### WORK INSTRUCTION
Of the material below, only the lines from the line containing "当滴水的碳酸钙含量不饱和时,则会产生溶蚀" down to the line containing "Here’s another outfit" belong in the answer, written out exactly.

### EXTRACTED RECORDS
++++++++

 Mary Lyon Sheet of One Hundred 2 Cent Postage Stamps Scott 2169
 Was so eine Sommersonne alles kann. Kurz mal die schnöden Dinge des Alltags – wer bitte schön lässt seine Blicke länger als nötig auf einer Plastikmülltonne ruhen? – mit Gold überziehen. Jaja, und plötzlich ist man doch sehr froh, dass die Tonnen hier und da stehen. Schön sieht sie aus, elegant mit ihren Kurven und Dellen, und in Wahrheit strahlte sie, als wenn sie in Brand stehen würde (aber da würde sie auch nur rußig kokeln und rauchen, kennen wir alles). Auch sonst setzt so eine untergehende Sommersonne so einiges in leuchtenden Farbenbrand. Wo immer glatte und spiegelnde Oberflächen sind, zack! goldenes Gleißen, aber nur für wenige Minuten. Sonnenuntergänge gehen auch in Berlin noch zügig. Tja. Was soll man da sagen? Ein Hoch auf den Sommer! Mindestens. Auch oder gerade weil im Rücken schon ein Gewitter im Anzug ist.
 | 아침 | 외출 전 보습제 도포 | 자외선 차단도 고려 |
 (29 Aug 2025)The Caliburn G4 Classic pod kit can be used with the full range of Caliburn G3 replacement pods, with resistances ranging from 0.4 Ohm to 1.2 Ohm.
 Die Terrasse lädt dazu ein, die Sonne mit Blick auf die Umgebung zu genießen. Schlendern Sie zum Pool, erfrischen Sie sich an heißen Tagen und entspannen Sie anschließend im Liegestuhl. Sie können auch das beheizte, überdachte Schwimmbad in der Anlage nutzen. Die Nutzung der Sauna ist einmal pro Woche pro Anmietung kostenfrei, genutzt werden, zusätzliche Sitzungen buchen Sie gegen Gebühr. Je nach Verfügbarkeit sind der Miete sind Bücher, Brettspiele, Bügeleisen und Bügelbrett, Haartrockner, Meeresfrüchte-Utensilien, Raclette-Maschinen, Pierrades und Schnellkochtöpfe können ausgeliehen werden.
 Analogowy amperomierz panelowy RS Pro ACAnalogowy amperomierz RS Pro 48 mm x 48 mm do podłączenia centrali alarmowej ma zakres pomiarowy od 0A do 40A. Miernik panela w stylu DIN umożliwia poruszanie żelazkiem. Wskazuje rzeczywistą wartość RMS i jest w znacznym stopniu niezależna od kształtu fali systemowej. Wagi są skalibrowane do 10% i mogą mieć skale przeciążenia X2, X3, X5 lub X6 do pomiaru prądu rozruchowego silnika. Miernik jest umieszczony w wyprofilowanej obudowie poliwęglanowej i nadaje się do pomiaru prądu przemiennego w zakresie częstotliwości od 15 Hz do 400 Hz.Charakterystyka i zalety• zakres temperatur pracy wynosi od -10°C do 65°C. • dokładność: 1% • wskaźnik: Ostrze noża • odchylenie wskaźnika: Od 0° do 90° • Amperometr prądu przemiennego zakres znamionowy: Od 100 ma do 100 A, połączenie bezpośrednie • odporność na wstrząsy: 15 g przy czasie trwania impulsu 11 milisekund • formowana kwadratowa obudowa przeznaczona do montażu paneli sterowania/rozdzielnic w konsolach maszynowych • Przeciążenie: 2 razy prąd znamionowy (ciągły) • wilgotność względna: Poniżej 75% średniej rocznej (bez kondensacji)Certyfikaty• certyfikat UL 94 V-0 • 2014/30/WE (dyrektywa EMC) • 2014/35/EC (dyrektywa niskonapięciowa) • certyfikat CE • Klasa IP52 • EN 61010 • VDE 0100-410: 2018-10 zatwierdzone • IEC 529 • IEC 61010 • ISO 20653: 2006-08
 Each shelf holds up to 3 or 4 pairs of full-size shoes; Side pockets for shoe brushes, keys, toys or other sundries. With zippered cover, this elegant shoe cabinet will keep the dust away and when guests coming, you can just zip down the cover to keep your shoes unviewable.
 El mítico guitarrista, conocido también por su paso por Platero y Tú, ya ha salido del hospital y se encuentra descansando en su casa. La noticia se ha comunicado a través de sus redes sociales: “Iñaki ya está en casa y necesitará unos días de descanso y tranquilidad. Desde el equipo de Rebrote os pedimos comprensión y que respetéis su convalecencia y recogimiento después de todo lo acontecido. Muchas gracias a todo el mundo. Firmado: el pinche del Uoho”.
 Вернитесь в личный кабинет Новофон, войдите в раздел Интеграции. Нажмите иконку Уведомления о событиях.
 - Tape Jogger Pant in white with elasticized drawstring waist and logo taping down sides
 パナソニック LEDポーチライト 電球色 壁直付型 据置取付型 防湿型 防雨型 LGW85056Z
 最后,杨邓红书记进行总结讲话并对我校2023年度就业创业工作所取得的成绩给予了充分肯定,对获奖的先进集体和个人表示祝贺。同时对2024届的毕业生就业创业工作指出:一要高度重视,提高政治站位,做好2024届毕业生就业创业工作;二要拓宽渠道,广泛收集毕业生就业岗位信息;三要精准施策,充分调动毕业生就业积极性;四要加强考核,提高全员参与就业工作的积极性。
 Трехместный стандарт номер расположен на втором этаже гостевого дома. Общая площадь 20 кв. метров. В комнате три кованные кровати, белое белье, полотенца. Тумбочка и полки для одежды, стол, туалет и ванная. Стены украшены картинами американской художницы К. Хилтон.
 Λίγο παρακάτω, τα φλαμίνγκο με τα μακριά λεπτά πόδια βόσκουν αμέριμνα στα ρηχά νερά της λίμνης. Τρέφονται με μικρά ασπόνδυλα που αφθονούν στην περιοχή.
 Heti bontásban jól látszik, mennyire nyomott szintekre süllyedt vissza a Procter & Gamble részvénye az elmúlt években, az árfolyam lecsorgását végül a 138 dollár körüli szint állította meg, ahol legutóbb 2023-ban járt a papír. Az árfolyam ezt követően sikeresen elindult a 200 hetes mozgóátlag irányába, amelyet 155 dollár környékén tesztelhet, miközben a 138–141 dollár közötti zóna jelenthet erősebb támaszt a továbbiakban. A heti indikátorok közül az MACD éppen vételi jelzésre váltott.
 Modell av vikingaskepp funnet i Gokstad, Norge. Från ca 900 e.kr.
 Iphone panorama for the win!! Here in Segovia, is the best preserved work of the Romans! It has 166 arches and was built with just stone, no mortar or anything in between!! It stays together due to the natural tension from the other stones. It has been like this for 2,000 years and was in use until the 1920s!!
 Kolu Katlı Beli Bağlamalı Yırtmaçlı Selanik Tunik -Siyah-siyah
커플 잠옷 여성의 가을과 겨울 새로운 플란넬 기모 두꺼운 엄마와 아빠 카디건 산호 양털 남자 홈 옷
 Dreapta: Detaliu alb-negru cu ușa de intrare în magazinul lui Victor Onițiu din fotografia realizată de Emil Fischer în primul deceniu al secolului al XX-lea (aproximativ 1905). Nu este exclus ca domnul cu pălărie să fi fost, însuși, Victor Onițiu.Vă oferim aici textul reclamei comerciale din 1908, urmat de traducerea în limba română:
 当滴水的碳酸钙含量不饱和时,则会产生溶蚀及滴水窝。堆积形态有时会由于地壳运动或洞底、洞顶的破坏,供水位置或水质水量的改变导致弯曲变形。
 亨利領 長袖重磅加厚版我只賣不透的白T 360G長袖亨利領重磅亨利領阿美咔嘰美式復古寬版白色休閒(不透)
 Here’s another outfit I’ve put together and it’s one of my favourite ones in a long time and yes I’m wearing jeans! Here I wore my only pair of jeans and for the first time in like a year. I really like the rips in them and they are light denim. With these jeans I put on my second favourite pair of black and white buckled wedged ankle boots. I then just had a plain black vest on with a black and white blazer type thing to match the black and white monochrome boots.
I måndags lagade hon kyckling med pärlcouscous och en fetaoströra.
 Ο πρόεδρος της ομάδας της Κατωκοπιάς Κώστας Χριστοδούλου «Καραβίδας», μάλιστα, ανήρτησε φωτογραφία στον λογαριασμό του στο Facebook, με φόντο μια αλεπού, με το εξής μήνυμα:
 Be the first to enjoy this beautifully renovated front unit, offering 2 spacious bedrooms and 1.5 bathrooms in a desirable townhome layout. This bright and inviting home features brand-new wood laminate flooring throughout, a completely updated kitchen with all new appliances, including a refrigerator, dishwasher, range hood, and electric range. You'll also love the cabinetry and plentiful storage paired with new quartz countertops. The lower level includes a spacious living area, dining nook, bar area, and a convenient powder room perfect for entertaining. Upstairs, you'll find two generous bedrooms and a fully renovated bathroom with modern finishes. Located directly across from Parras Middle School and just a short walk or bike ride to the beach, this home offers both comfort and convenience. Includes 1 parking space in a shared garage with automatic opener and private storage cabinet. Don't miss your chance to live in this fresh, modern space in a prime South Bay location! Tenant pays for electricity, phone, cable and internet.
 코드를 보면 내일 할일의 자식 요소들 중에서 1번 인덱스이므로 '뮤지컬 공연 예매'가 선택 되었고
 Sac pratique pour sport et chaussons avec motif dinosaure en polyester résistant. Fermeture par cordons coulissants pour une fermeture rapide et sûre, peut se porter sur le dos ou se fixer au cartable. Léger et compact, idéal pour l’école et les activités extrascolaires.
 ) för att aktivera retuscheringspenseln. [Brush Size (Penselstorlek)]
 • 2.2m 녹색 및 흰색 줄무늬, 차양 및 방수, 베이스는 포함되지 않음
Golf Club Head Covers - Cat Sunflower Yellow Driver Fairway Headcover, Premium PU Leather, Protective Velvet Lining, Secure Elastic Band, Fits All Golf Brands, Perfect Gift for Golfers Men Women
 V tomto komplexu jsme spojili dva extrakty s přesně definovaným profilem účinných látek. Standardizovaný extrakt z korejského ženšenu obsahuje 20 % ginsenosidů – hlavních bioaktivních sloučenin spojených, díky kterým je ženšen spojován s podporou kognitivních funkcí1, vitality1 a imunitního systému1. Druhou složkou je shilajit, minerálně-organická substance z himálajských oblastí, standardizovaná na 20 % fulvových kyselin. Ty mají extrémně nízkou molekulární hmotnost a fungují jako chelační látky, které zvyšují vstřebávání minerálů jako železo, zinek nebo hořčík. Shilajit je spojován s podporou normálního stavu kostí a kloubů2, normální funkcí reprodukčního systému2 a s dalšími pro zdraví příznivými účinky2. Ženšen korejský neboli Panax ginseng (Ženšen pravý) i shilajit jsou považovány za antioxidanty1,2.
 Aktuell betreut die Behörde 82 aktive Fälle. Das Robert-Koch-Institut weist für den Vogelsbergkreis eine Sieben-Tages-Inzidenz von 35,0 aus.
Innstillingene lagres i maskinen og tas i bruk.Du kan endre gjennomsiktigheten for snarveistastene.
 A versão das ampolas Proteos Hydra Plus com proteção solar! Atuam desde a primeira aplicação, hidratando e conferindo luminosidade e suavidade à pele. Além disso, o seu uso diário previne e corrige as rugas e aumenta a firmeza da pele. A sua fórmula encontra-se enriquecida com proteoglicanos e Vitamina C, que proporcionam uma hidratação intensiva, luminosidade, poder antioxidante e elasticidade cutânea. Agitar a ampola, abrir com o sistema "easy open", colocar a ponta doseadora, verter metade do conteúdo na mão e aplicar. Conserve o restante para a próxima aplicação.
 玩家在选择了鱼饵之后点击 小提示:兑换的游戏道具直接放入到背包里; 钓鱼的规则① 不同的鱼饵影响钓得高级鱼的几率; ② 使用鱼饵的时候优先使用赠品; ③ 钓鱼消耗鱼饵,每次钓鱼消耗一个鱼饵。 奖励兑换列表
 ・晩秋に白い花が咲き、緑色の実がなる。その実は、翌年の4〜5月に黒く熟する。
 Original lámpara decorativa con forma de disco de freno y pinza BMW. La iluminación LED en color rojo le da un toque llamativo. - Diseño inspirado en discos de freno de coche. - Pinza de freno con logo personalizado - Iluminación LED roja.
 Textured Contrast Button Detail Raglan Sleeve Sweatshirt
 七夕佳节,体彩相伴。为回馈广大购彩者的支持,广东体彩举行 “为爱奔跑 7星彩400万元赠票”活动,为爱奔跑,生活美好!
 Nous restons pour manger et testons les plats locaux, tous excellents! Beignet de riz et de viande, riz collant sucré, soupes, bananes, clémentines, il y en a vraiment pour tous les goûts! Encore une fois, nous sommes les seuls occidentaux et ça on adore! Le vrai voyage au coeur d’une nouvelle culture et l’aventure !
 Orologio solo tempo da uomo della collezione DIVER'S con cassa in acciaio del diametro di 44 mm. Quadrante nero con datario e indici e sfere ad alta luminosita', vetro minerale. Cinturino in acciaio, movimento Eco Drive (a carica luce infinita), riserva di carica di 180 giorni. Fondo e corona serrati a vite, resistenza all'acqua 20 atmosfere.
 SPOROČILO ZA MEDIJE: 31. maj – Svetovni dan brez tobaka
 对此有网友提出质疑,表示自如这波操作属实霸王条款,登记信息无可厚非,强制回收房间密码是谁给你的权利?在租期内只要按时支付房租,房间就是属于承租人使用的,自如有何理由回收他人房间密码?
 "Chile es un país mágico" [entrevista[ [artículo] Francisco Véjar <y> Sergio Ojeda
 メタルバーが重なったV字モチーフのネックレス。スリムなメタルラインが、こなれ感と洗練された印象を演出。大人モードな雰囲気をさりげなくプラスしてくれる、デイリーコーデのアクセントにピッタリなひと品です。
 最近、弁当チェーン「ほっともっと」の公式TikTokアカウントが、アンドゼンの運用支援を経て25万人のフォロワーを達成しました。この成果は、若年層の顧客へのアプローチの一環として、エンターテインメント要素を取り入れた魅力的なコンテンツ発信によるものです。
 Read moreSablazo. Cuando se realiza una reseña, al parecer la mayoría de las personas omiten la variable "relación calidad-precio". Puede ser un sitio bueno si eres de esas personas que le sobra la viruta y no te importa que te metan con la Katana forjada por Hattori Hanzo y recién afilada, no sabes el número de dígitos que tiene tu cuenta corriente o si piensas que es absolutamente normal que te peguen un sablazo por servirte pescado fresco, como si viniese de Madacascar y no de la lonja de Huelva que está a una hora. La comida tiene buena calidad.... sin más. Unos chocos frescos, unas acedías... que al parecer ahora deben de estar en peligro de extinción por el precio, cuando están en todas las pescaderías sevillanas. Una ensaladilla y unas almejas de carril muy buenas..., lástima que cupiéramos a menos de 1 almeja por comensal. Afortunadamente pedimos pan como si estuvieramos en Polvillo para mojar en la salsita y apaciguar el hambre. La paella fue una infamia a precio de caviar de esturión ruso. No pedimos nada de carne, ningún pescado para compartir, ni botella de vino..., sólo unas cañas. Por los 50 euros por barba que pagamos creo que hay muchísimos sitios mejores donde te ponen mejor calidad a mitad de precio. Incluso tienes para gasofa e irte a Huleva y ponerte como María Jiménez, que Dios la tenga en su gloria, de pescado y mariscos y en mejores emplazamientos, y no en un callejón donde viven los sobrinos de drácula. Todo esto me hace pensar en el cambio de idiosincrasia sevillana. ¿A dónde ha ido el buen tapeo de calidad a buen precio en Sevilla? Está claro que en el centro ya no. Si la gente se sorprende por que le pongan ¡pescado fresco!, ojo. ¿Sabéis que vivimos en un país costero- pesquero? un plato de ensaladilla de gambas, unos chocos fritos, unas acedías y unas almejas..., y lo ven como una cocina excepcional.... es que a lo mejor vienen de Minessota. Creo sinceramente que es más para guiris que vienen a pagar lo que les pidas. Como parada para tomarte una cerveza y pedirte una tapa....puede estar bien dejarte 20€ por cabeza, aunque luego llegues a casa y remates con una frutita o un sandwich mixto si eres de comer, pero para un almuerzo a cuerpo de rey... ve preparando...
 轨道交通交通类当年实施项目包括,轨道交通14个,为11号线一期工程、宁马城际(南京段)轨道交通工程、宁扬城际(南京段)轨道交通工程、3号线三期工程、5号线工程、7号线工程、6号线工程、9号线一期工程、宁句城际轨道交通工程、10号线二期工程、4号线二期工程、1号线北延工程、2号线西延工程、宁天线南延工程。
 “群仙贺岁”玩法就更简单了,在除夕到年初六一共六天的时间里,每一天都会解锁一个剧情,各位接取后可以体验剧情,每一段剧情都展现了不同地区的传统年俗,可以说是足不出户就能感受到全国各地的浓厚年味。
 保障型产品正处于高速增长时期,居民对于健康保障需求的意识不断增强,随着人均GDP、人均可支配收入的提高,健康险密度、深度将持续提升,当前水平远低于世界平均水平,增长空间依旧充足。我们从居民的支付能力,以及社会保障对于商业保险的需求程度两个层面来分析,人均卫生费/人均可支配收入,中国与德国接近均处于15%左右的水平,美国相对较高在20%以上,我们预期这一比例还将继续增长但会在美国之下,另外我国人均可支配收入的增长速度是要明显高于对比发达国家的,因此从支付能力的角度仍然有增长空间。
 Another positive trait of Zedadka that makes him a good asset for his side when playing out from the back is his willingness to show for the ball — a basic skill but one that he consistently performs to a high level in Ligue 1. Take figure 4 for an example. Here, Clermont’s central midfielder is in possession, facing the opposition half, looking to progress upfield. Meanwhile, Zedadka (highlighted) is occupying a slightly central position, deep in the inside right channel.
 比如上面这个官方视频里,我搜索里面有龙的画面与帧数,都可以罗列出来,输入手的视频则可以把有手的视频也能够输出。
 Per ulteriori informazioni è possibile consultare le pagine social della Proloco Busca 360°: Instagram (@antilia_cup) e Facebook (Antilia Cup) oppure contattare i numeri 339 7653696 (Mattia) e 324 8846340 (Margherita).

++++++++

### ANSWER BOX
 当滴水的碳酸钙含量不饱和时,则会产生溶蚀及滴水窝。堆积形态有时会由于地壳运动或洞底、洞顶的破坏,供水位置或水质水量的改变导致弯曲变形。
 亨利領 長袖重磅加厚版我只賣不透的白T 360G長袖亨利領重磅亨利領阿美咔嘰美式復古寬版白色休閒(不透)
 Here’s another outfit I’ve put together and it’s one of my favourite ones in a long time and yes I’m wearing jeans! Here I wore my only pair of jeans and for the first time in like a year. I really like the rips in them and they are light denim. With these jeans I put on my second favourite pair of black and white buckled wedged ankle boots. I then just had a plain black vest on with a black and white blazer type thing to match the black and white monochrome boots.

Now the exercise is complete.